I think that doesn't really make any sense. And the fact that something appears in the literature doesn't by itself make it sensible. If you look at how the equivalence principle is actually used in physics, it doesn't have anything to do with curvature. The way it's actually used (this is the way Einstein used it originally) is to predict (approximately) how clocks and other physical things behave on Earth by comparison with a rocket accelerating in flat spacetime. That use does not depend on curvature vanishing (it doesn't vanish on the Earth). What it depends on is that the specific experiment under consideration must be insensitive to small changes in the gravitational field.

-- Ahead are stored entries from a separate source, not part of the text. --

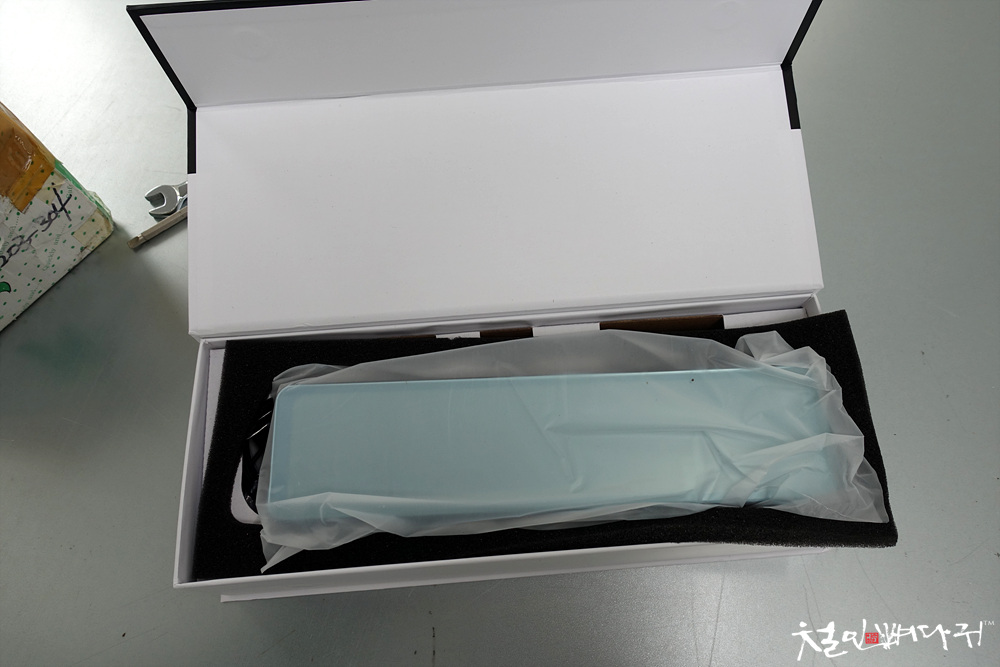 단단한 박스 안에 잘 쌓여있는 룸미러모니터 본체가 있습니다.
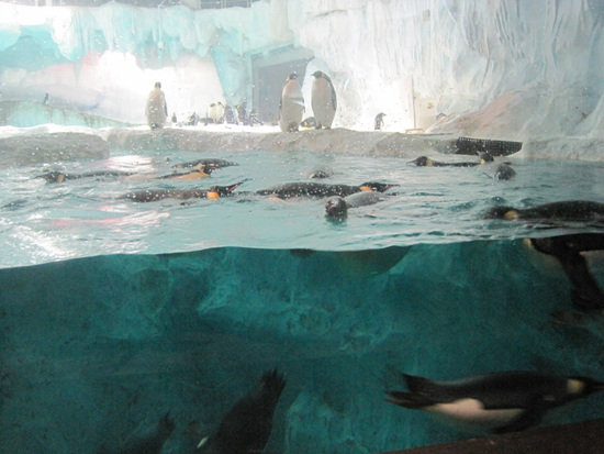 ????有一種企鵝眼睛上面長著白白的毛,忽閃忽閃的樣子更是滑稽。最值得一看的是企鵝展區(qū)內(nèi)的水底觀景穹頂隧道,可以看到企鵝們矯健的泳姿。一群企鵝游過來,又一群企鵝游過去,無數(shù)白花花的橢圓形的肚皮在你的頭頂上飄過,場景十分壯觀。據(jù)工作人員介紹,這里擁有5個品種、超過200只企鵝,可能是世界上擁有企鵝數(shù)量最多的企鵝展區(qū)。
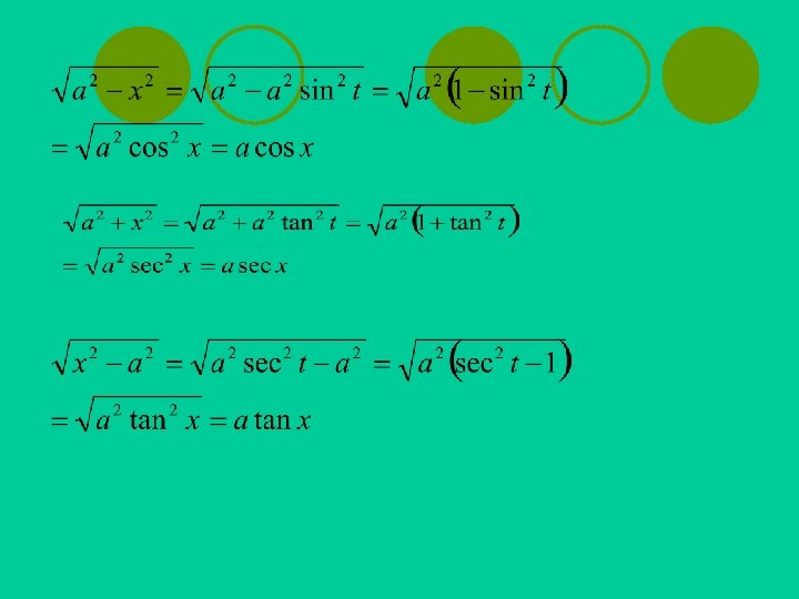 Integral dengan bentuk l Pengintegralan bentuk dilakukan dengan menggunakan subtisusi dengan x = a sin t, x = a tan t , x = a sec t. Sehingga diperoleh bentuk-bentuk seperti ini
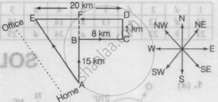 So, his office is 20 km in North-West direction.

If you conduct an experiment confined to a small volume of space for a small duration of time, and the variation of the gravitational field within that volume is negligible, then the results will be the same as if one performed the same experiment confined to a small volume of an accelerating rocket, provided that the length $L$ is small enough that $\dfrac{g\ L}{c^2}$ is negligible. Curvature doesn't really enter into it. Whether the variation of gravity within a volume is negligible depends on the size of the volume, but curvature doesn't depend on the size of the volume.

This is what allowed Einstein to make the prediction of gravitational time dilation and gravitational redshift BEFORE he had developed the full theory of GR. In particular, it was before he had the field equations, and before he associated "gravity-free space" with "zero curvature".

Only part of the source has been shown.